Records excerpted from a collection
.....

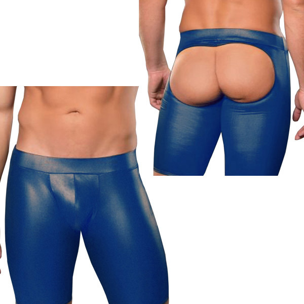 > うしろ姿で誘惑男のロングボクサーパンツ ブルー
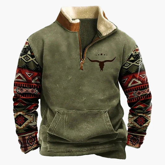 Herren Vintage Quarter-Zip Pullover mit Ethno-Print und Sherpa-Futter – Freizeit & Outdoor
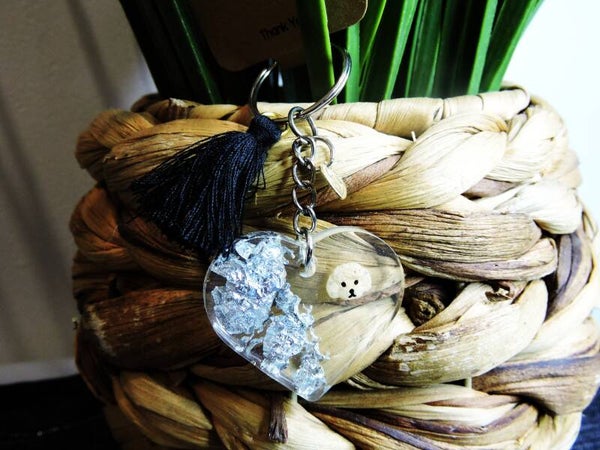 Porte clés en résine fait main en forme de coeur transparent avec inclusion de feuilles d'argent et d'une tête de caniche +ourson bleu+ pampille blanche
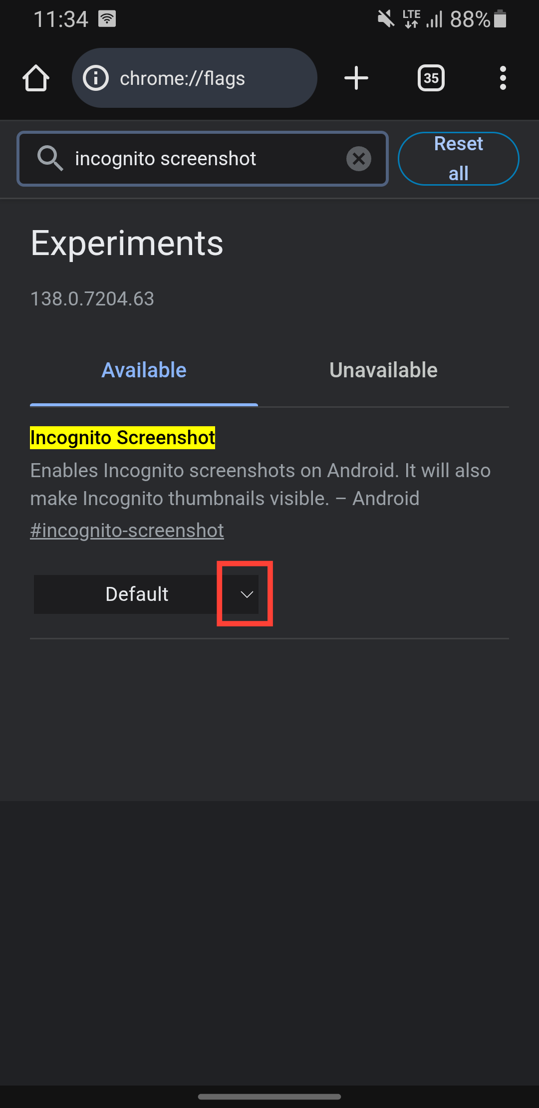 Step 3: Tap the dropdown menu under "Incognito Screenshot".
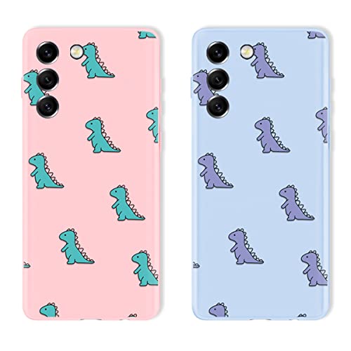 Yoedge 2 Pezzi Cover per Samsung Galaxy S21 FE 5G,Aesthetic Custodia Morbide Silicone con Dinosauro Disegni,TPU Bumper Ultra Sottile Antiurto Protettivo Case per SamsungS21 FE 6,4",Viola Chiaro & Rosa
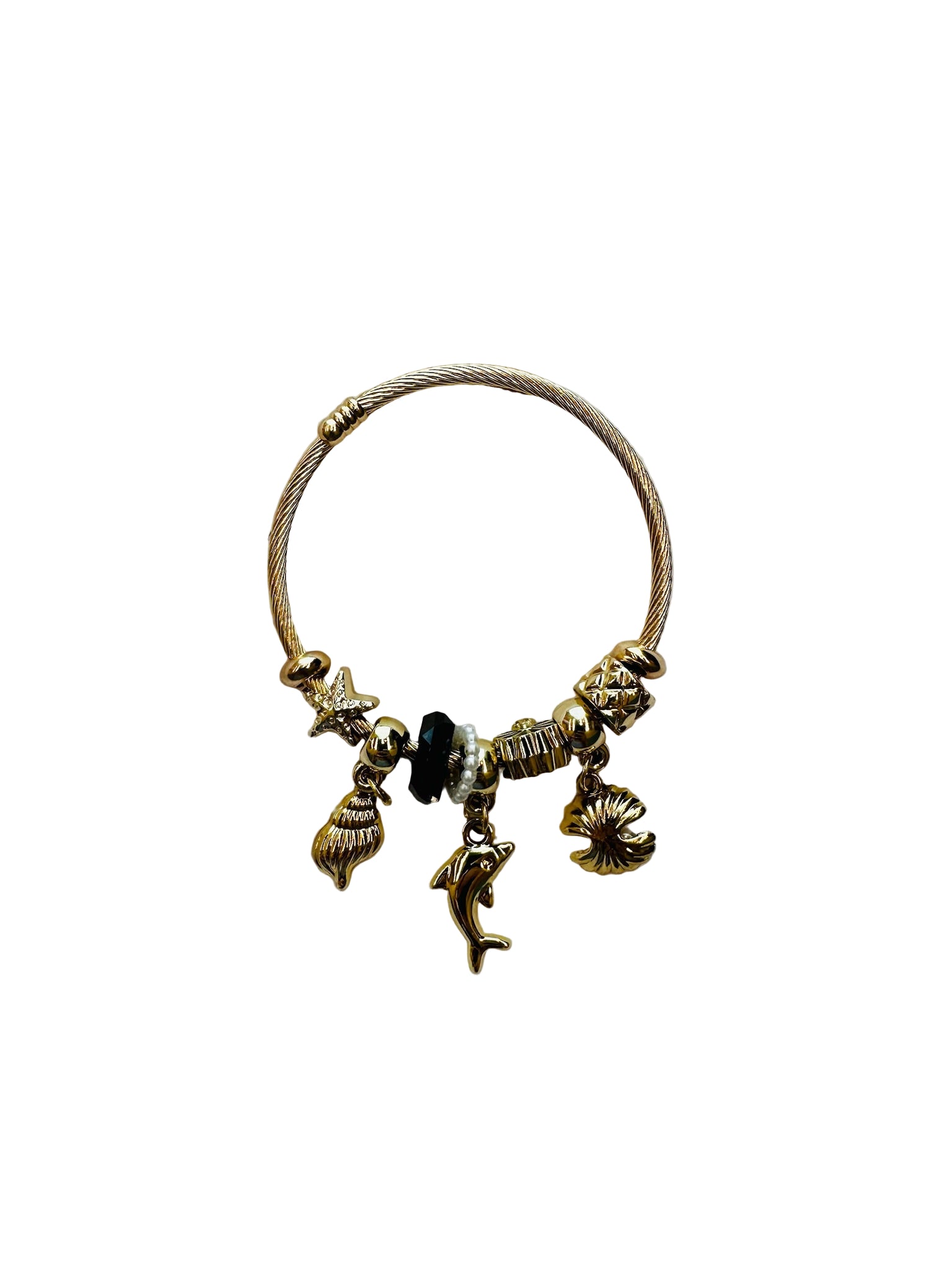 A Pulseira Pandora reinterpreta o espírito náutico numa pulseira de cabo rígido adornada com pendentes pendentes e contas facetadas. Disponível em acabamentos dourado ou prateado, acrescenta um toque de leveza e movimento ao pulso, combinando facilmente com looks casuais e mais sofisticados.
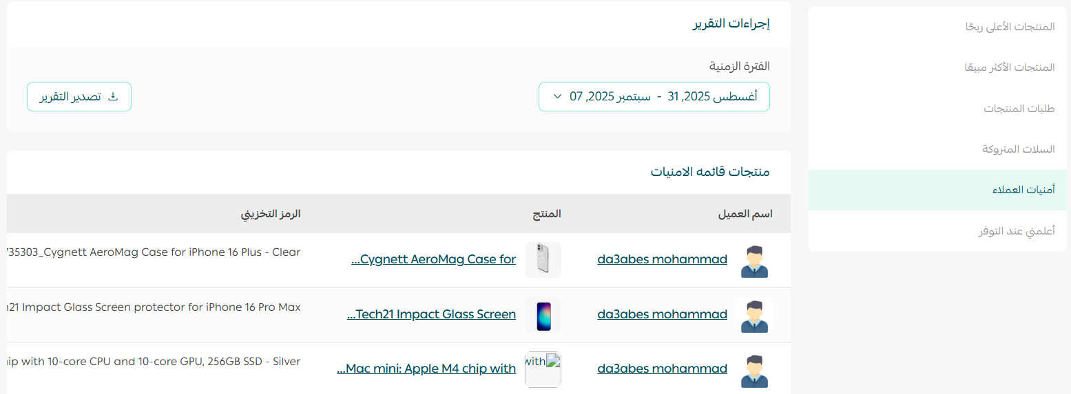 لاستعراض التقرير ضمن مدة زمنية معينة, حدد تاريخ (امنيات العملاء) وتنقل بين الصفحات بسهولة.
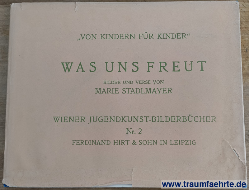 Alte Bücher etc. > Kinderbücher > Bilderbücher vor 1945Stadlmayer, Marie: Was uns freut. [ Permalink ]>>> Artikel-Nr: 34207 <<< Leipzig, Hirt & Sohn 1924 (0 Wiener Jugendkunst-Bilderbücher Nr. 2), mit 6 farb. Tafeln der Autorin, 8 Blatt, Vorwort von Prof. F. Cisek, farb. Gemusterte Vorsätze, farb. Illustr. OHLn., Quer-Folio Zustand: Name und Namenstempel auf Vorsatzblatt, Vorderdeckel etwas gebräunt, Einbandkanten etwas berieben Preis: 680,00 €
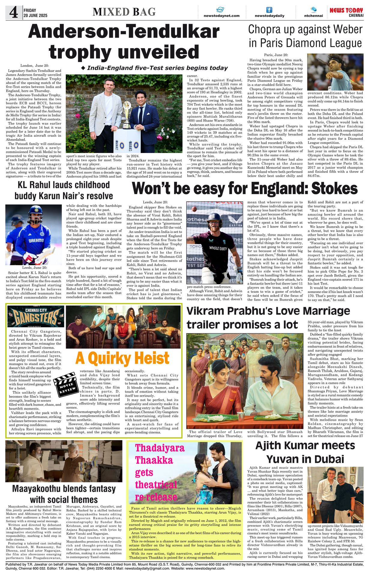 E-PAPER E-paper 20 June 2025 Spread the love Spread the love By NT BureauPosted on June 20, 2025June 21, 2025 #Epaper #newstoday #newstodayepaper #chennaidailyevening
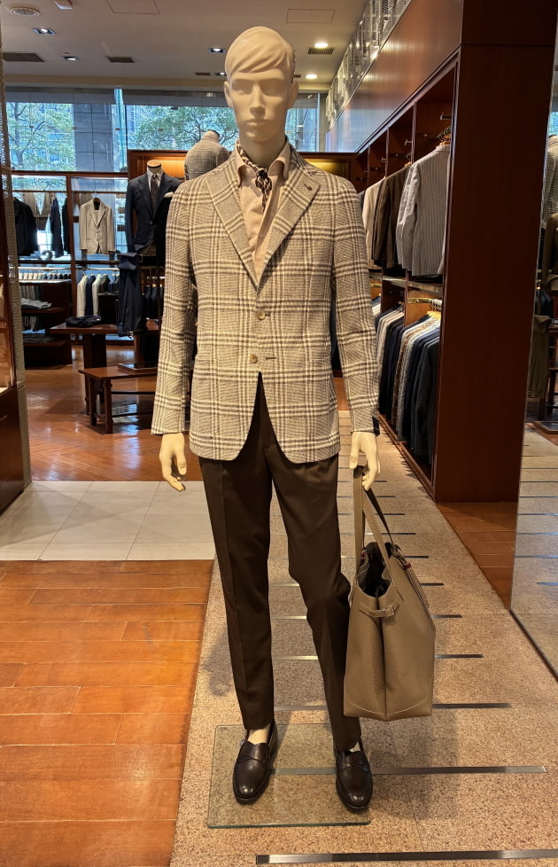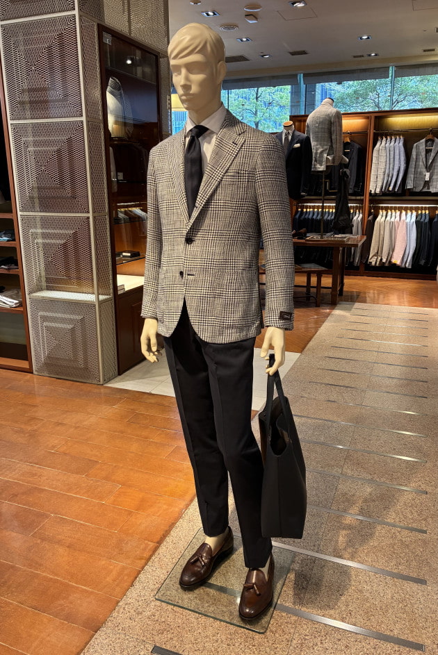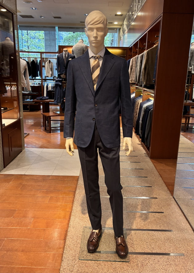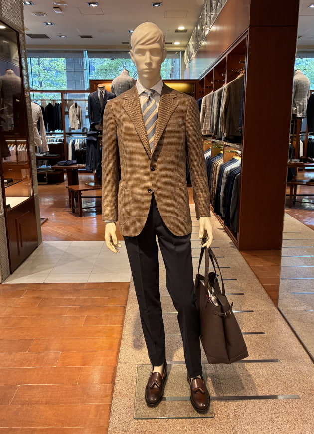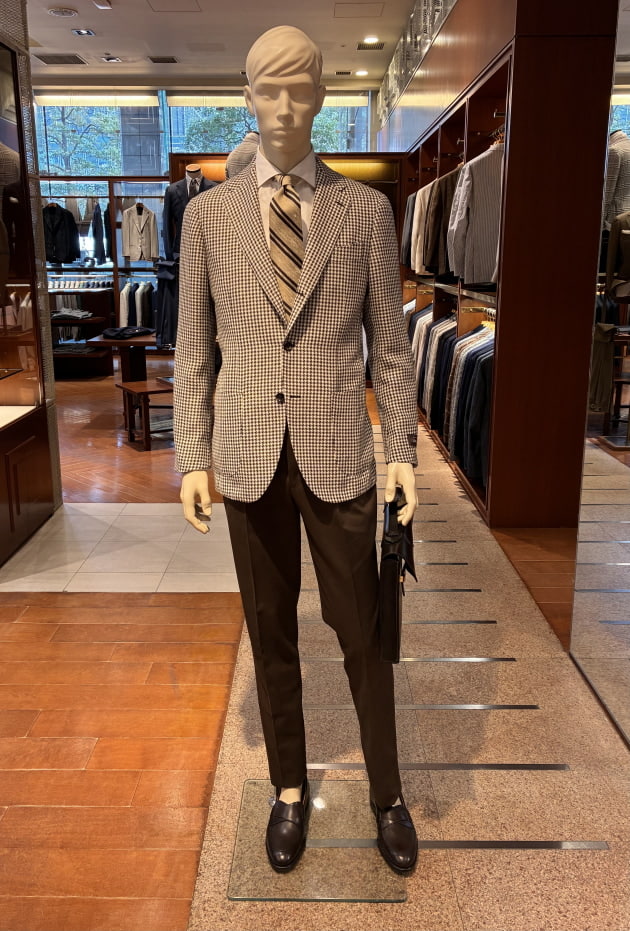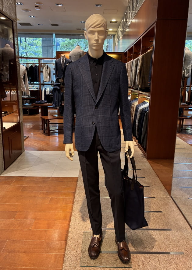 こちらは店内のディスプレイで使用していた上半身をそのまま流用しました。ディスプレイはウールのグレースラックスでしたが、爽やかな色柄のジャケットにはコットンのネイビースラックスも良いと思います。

.....

About this exercise.
Write out each line again, exactly as it appears above, except for any picture.

Result of the exercise.
 > うしろ姿で誘惑男のロングボクサーパンツ ブルー
 Herren Vintage Quarter-Zip Pullover mit Ethno-Print und Sherpa-Futter – Freizeit & Outdoor
 Porte clés en résine fait main en forme de coeur transparent avec inclusion de feuilles d'argent et d'une tête de caniche +ourson bleu+ pampille blanche
 Step 3: Tap the dropdown menu under "Incognito Screenshot".
 Yoedge 2 Pezzi Cover per Samsung Galaxy S21 FE 5G,Aesthetic Custodia Morbide Silicone con Dinosauro Disegni,TPU Bumper Ultra Sottile Antiurto Protettivo Case per SamsungS21 FE 6,4",Viola Chiaro & Rosa
 A Pulseira Pandora reinterpreta o espírito náutico numa pulseira de cabo rígido adornada com pendentes pendentes e contas facetadas. Disponível em acabamentos dourado ou prateado, acrescenta um toque de leveza e movimento ao pulso, combinando facilmente com looks casuais e mais sofisticados.
 لاستعراض التقرير ضمن مدة زمنية معينة, حدد تاريخ (امنيات العملاء) وتنقل بين الصفحات بسهولة.
 Alte Bücher etc. > Kinderbücher > Bilderbücher vor 1945Stadlmayer, Marie: Was uns freut. [ Permalink ]>>> Artikel-Nr: 34207 <<< Leipzig, Hirt & Sohn 1924 (0 Wiener Jugendkunst-Bilderbücher Nr. 2), mit 6 farb. Tafeln der Autorin, 8 Blatt, Vorwort von Prof. F. Cisek, farb. Gemusterte Vorsätze, farb. Illustr. OHLn., Quer-Folio Zustand: Name und Namenstempel auf Vorsatzblatt, Vorderdeckel etwas gebräunt, Einbandkanten etwas berieben Preis: 680,00 €
 E-PAPER E-paper 20 June 2025 Spread the love Spread the love By NT BureauPosted on June 20, 2025June 21, 2025 #Epaper #newstoday #newstodayepaper #chennaidailyevening
 こちらは店内のディスプレイで使用していた上半身をそのまま流用しました。ディスプレイはウールのグレースラックスでしたが、爽やかな色柄のジャケットにはコットンのネイビースラックスも良いと思います。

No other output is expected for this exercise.